From: Stefan Schulze Frielinghaus <stefansf@linux.ibm.com>
To: Andreas Krebbel <krebbel@linux.ibm.com>
Cc: gcc-patches@gcc.gnu.org
Subject: Re: [PATCH] IBM Z: Provide rawmemchr{qi,hi,si} expander
Date: Fri, 8 Oct 2021 16:23:20 +0200 [thread overview]
Message-ID: <YWBUWBvNjYhAImDw@localhost.localdomain> (raw)
In-Reply-To: <7e036e4c-7a79-b389-7a76-cf64e7cc035b@linux.ibm.com>
[-- Attachment #1: Type: text/plain, Size: 9078 bytes --]
On Thu, Oct 07, 2021 at 11:16:24AM +0200, Andreas Krebbel wrote:
> On 9/20/21 11:24, Stefan Schulze Frielinghaus wrote:
> > This patch implements the rawmemchr expander as introduced in
> > https://gcc.gnu.org/pipermail/gcc-patches/2021-September/579649.html
> >
> > Bootstrapped and regtested in conjunction with the patch from above on
> > IBM Z. Ok for mainline?
> >
>
> > From 551362cda54048dc1a51588112f11c070ed52020 Mon Sep 17 00:00:00 2001
> > From: Stefan Schulze Frielinghaus <stefansf@linux.ibm.com>
> > Date: Mon, 8 Feb 2021 10:35:39 +0100
> > Subject: [PATCH 2/2] IBM Z: Provide rawmemchr{qi,hi,si} expander
> >
> > gcc/ChangeLog:
> >
> > * config/s390/s390-protos.h (s390_rawmemchrqi): Add prototype.
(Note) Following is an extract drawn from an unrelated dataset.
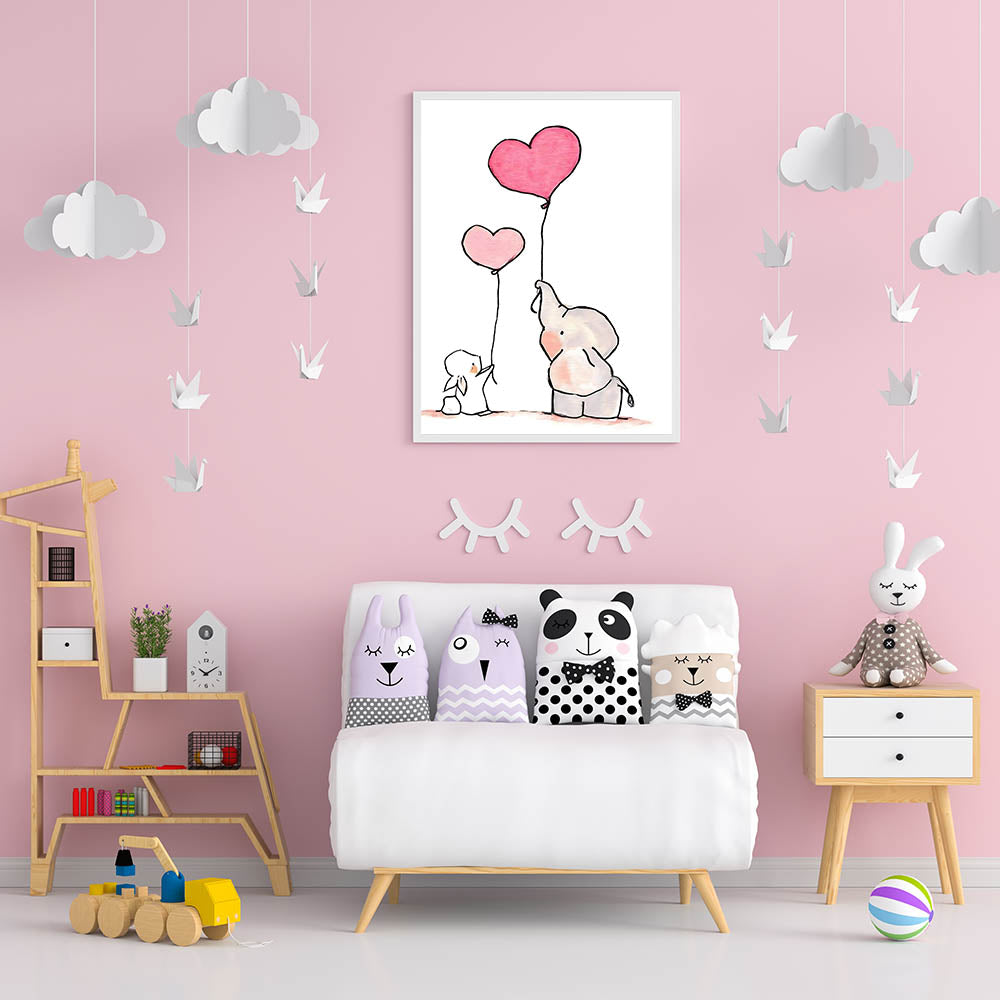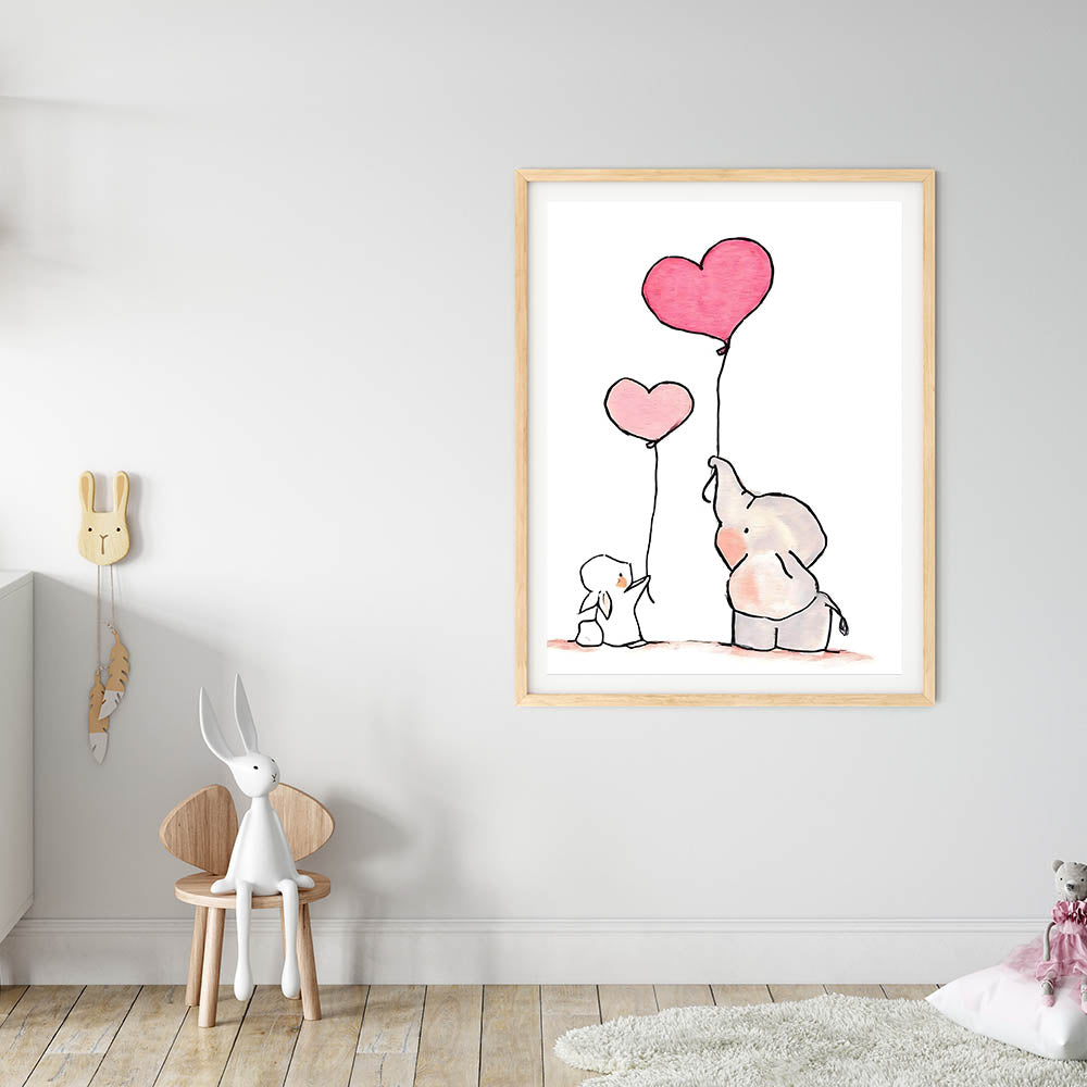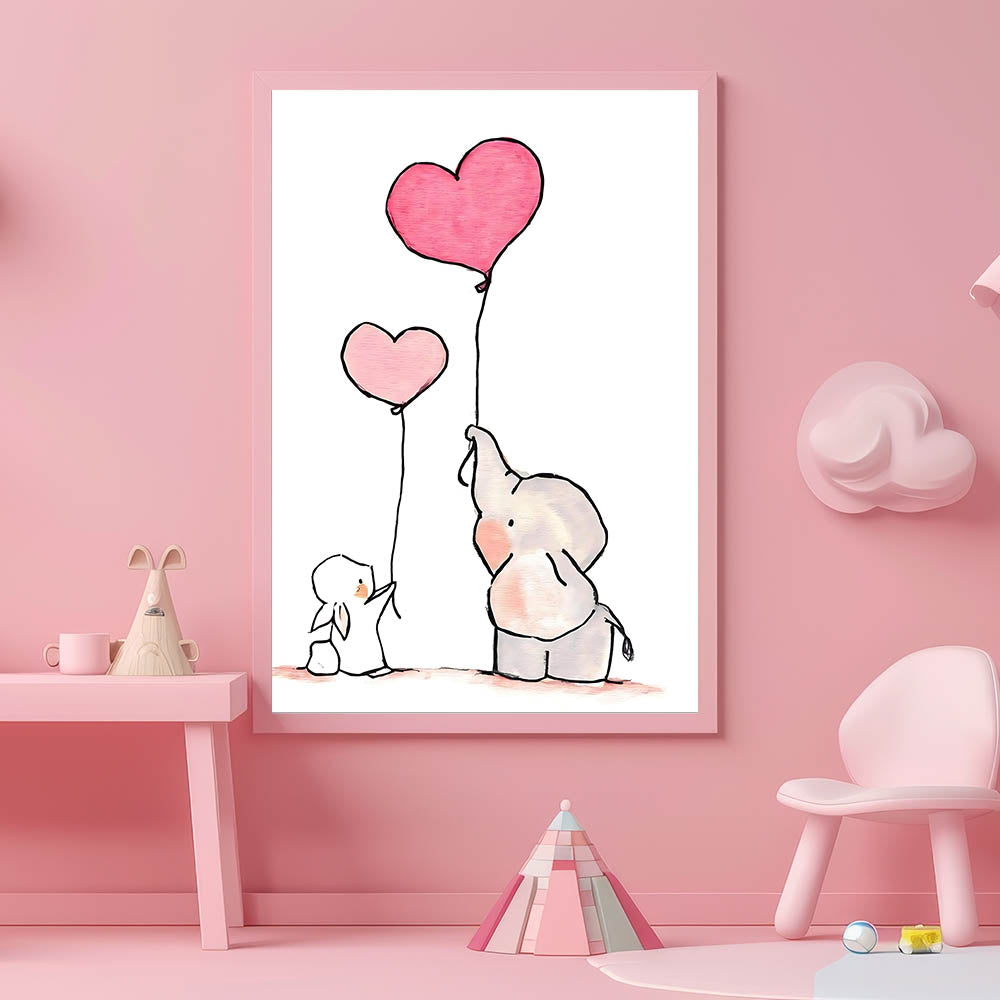Add a touch of sweetness and friendship to your child’s space with this adorable elephant and bunny wall art. Featuring a gentle elephant and bunny holding heart-shaped balloons, this delightful illustration symbolizes love, kindness, and joy. The soft watercolor effect and minimalist design make it a perfect fit for a girls' bedroom, nursery, or playroom.

> > (s390_rawmemchrhi): Add prototype.
> > (s390_rawmemchrsi): Add prototype.
> > * config/s390/s390.c (s390_rawmemchr): New function.
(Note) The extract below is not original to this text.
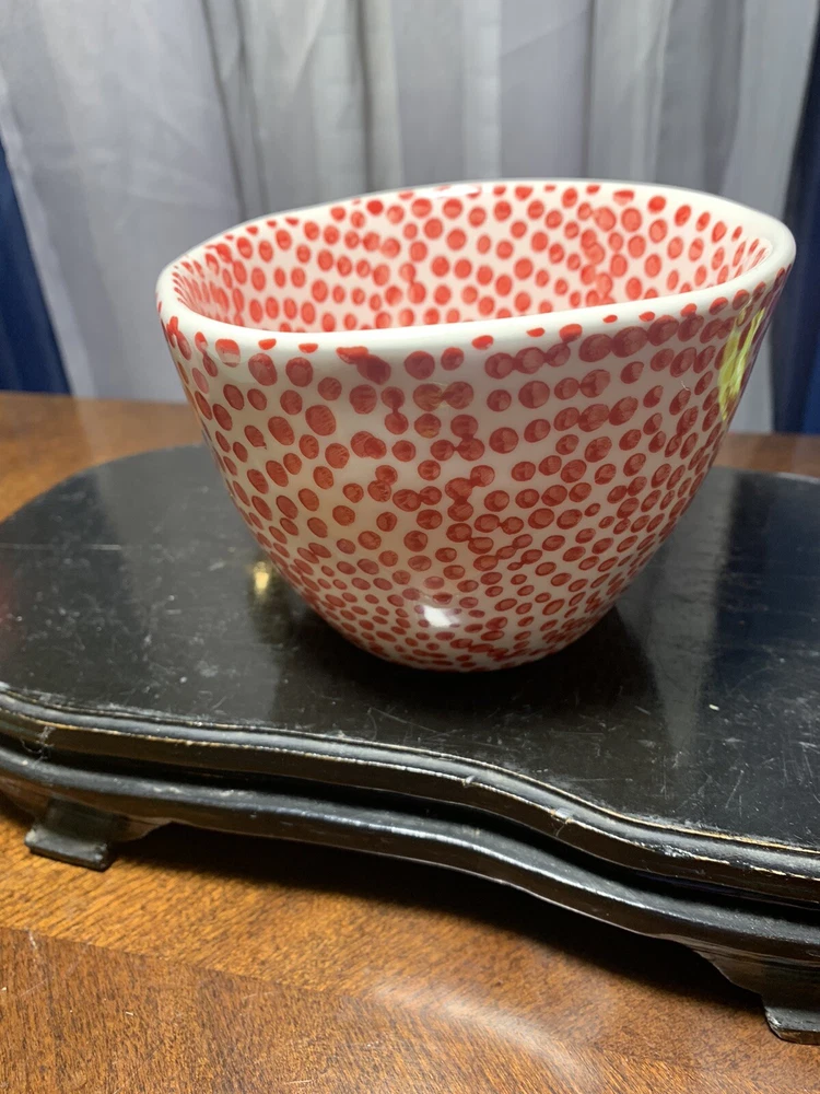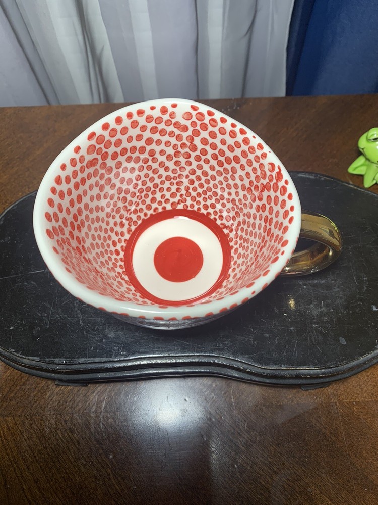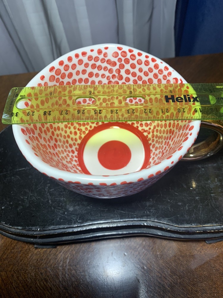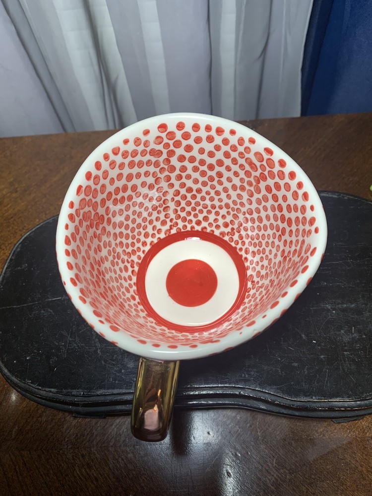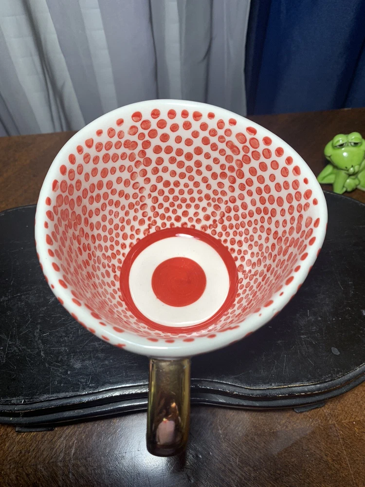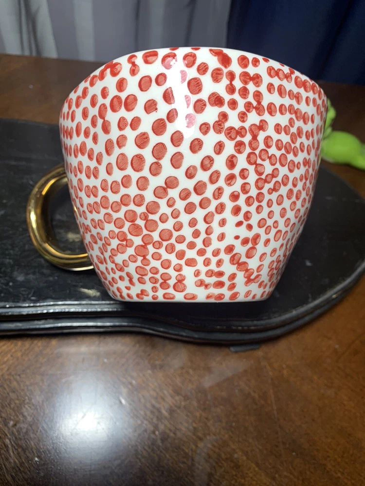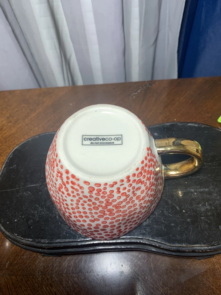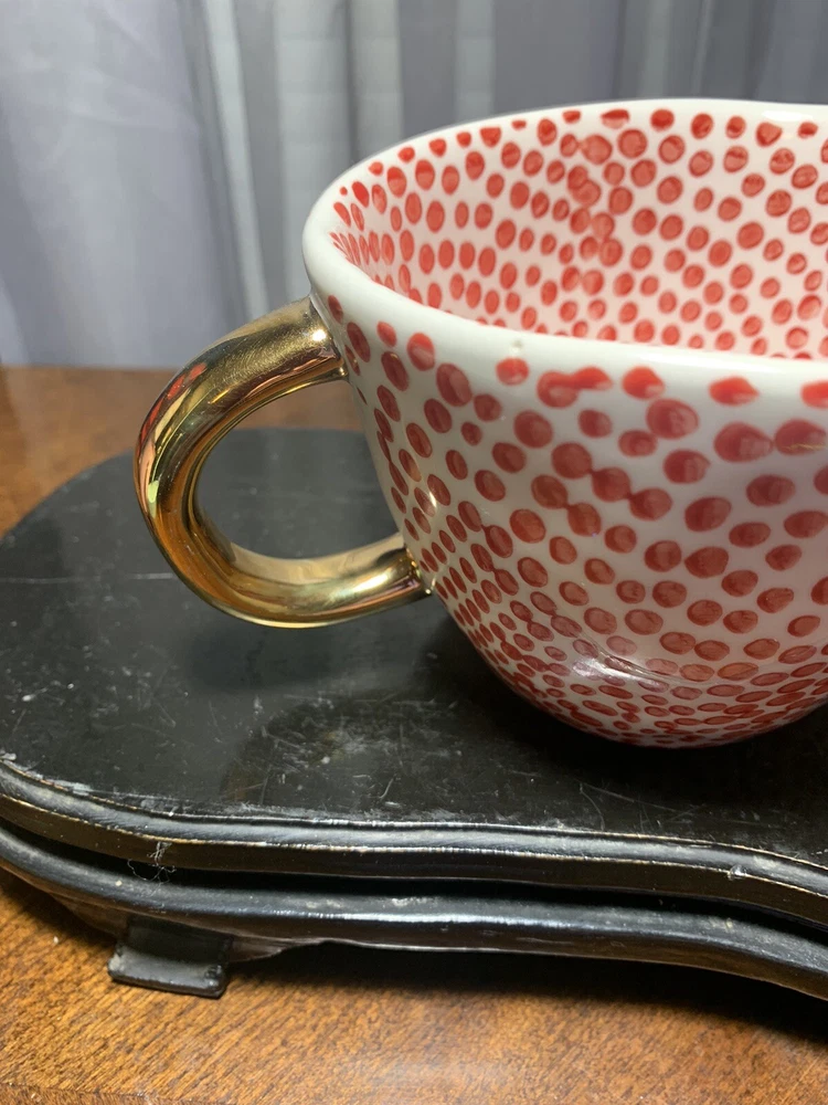 Creative Co-Op Stoneware Mug w/ Red Dots Design & Gold Handle. Approx 12 Oz....

> > (s390_rawmemchrqi): New function.
> > (s390_rawmemchrhi): New function.
> > (s390_rawmemchrsi): New function.
> > * config/s390/s390.md (rawmemchr<SINT:mode>): New expander.
> > (rawmemchr<SINT:mode><P:mode>): New expander.
> > * config/s390/vector.md (vec_vfees<mode>): Basically a copy of
> > the pattern vfees<mode> from vx-builtins.md.
> > * config/s390/vx-builtins.md (*vfees<mode>): Remove.
>
> Thanks! Would it make sense to also extend the strlen and movstr expanders
> we have to support the additional character modes?
For strlen-like loops over non-character arrays the current
implementation in the loop distribution pass uses rawmemchr<MODE> and
computes pointer difference in order to compute the length. Thus we get
strlen<MODE> for free and don't need to reimplement it.
>
> A few style comments below.
>
> >
> > gcc/testsuite/ChangeLog:
> >
> > * gcc.target/s390/rawmemchr-1.c: New test.
> > ---
> > gcc/config/s390/s390-protos.h | 4 +
> > gcc/config/s390/s390.c | 89 ++++++++++++++++++
> > gcc/config/s390/s390.md | 20 +++++
> > gcc/config/s390/vector.md | 26 ++++++
> > gcc/config/s390/vx-builtins.md | 26 ------
> > gcc/testsuite/gcc.target/s390/rawmemchr-1.c | 99 +++++++++++++++++++++
> > 6 files changed, 238 insertions(+), 26 deletions(-)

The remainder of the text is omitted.